1. A decent population density that can support economic viable use of infrastructure.
2. Be nice to people by providing sufficient spaces for them.
3. Design that space for the people by considering light, noise, scale and imageability.
For all the readers who may find that to abstracts please let me describe this through an simple comparison (metapher).
A person sits in a coffee shop, reads talks, enjoys good food and company. Overall most people feel quite nice once they are in them. Why, because all design components have been achieved. However, it should be noted that you need financial effort to benefit from them. First of all coffee shops are spaces for people, the scale of the establishment appears comfortable, leaves spaces for some privacy and they are considered to be very safe. The light is just right – not to strong and not too dark and the noise comes usually from other people and gentle music in the background. This noise level above 35 dbl enables a feeling for social inclusion and can help to reduce depression. Imageability can make a place unique.

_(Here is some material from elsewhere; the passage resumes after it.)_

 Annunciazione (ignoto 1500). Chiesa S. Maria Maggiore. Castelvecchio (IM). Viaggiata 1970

Artworks, interesting structural elements, vegetation, view connections etc. are tools to allow individual imageability. Spaces that have special sense of place have some unique qualities that cannot be repeated on a large scale – the same in coffee shops. Just imagine all coffee shops would have the same artwork in them.

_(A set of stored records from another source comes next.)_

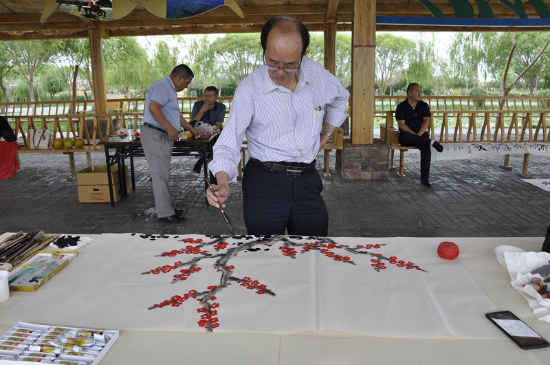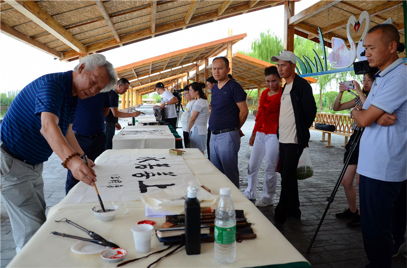 活动现场,新疆书法家协会名誉主席席时珞,新疆画院国家一级美术师龙清廉(阿龙),中国书法家协会理事、新疆书法家协会常务副主席李志顺,中国西部散文学会副主席、《新疆文艺界》杂志副主编孤岛,新疆书法家协会理事、乌鲁木齐书法家协会副主席张仁润,中国胡杨艺术研究院副院长、首都博物馆画院画家童宏琦在众多游客的围观下挥毫泼墨,短短几分钟的时间,一幅幅精美的作品便跃然纸上,引得游客驻足欣赏、一片赞叹。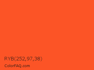 RYB 252,97,38 Color is a normal red color and the nearest color is Flamingo #f2552a. Hex code #fc5426 and RGB value is rgb(252,84,38). In RGB color space, this color is composed of 99% red, 33% green, 15% blue, In CMYK color space, this color is composed of 0% cyan, 67% magenta, 85% yellow , 1% black , In HSL color space, this color has a hue angle of 13° , 97% saturation and 57% lightness.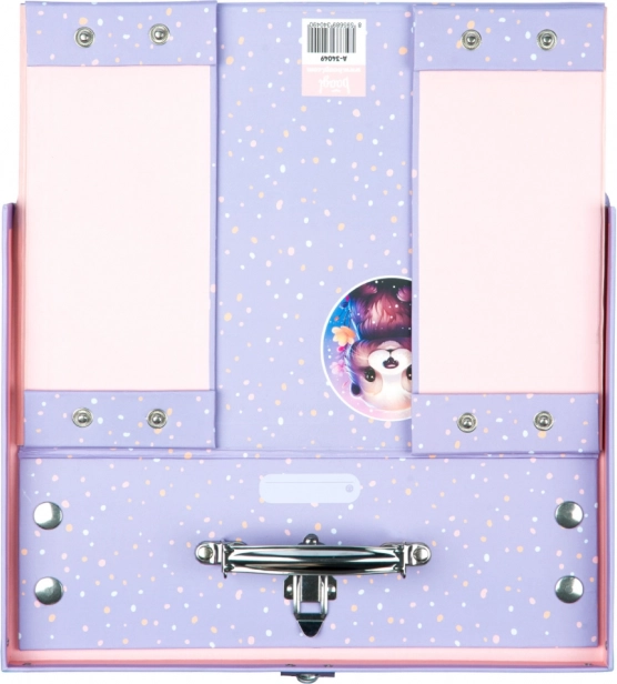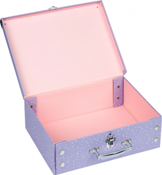Kufer łączy zabawny design z praktycznym zastosowaniem. Metalowy uchwyt i zabezpieczone rogi zapewniają trwałość i solidność.

All these four elements should be possible in a liveable and healthy city. But even more important a coffee shop could not function without a good crowed that lives near by to fill it with live and the same rule applies to the city.
Canberra has the potential to have many of these high quality places for all members of the community if we are prepared to accept and support on our individual level the fact that we need a population higher density. This will allow Canberra to become a city for people – a healthy and more sustainable place to live it.
Other cities around the globe are already committed to create sustainable and liveable place for their people. The city of London started to ban cars in the city and applied mechanism to reduce car speeds. Copenhagen is introducing more and more spaces for active transport and is increasingly blocking spaces for cars. Freiburg new developments are people oriented developments, that are environmentally, economically and socially sustainable. All these cases have one huge advantage – most individuals accepted higher density as the opportunity to create a better future for the coming generations so that they have even better and more liveable spaces to live in.